◆ Required action ◆
Locate the line that contains "grandes medios ocultan." in the entries below, then repeat it and every following line through the line that contains "Included this month, you", exactly, and no others.

(Beginning of Records for the exercise)

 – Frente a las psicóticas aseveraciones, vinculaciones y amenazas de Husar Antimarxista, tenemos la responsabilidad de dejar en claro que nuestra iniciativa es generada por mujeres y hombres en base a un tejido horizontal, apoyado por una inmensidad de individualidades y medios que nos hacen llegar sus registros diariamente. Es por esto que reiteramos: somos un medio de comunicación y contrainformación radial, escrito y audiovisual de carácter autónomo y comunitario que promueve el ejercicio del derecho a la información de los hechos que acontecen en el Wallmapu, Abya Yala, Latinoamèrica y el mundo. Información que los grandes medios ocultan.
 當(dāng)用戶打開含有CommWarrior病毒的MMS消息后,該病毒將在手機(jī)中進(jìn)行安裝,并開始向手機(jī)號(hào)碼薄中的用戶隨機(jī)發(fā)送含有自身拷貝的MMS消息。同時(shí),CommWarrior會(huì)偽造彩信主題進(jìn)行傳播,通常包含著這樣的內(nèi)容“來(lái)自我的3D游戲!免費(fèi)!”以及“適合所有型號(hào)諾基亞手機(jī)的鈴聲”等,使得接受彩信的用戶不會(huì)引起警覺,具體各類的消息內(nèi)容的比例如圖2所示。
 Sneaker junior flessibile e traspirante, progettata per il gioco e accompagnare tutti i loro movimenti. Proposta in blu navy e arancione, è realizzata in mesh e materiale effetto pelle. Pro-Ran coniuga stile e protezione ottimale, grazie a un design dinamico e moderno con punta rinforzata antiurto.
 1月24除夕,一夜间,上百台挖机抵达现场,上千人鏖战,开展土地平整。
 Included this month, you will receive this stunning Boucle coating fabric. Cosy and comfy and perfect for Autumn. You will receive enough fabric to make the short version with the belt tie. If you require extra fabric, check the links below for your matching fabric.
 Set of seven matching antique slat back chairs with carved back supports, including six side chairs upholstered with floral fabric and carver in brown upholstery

(End of Records for the exercise)
(Beginning of Records for the exercise)

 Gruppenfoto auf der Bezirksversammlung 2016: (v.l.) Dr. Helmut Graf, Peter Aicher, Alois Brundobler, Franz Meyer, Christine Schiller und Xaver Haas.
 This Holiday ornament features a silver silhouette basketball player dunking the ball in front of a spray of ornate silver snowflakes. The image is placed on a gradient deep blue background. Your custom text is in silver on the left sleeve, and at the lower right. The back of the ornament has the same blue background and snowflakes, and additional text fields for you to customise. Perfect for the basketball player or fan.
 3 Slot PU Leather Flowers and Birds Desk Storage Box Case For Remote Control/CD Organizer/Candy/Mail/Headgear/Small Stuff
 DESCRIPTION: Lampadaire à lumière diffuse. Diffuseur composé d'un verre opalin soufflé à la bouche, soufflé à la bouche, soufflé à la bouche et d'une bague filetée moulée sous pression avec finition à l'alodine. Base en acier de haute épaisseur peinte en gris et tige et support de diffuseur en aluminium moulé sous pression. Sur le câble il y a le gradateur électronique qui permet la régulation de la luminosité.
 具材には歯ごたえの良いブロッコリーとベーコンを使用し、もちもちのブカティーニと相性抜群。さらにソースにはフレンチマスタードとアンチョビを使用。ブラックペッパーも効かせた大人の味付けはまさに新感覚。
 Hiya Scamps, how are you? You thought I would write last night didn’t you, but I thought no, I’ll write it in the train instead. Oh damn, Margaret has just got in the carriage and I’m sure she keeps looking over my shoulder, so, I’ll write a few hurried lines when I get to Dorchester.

(End of Records for the exercise)

◆ Result of the task ◆
 – Frente a las psicóticas aseveraciones, vinculaciones y amenazas de Husar Antimarxista, tenemos la responsabilidad de dejar en claro que nuestra iniciativa es generada por mujeres y hombres en base a un tejido horizontal, apoyado por una inmensidad de individualidades y medios que nos hacen llegar sus registros diariamente. Es por esto que reiteramos: somos un medio de comunicación y contrainformación radial, escrito y audiovisual de carácter autónomo y comunitario que promueve el ejercicio del derecho a la información de los hechos que acontecen en el Wallmapu, Abya Yala, Latinoamèrica y el mundo. Información que los grandes medios ocultan.
 當(dāng)用戶打開含有CommWarrior病毒的MMS消息后,該病毒將在手機(jī)中進(jìn)行安裝,并開始向手機(jī)號(hào)碼薄中的用戶隨機(jī)發(fā)送含有自身拷貝的MMS消息。同時(shí),CommWarrior會(huì)偽造彩信主題進(jìn)行傳播,通常包含著這樣的內(nèi)容“來(lái)自我的3D游戲!免費(fèi)!”以及“適合所有型號(hào)諾基亞手機(jī)的鈴聲”等,使得接受彩信的用戶不會(huì)引起警覺,具體各類的消息內(nèi)容的比例如圖2所示。
 Sneaker junior flessibile e traspirante, progettata per il gioco e accompagnare tutti i loro movimenti. Proposta in blu navy e arancione, è realizzata in mesh e materiale effetto pelle. Pro-Ran coniuga stile e protezione ottimale, grazie a un design dinamico e moderno con punta rinforzata antiurto.
 1月24除夕,一夜间,上百台挖机抵达现场,上千人鏖战,开展土地平整。
 Included this month, you will receive this stunning Boucle coating fabric. Cosy and comfy and perfect for Autumn. You will receive enough fabric to make the short version with the belt tie. If you require extra fabric, check the links below for your matching fabric.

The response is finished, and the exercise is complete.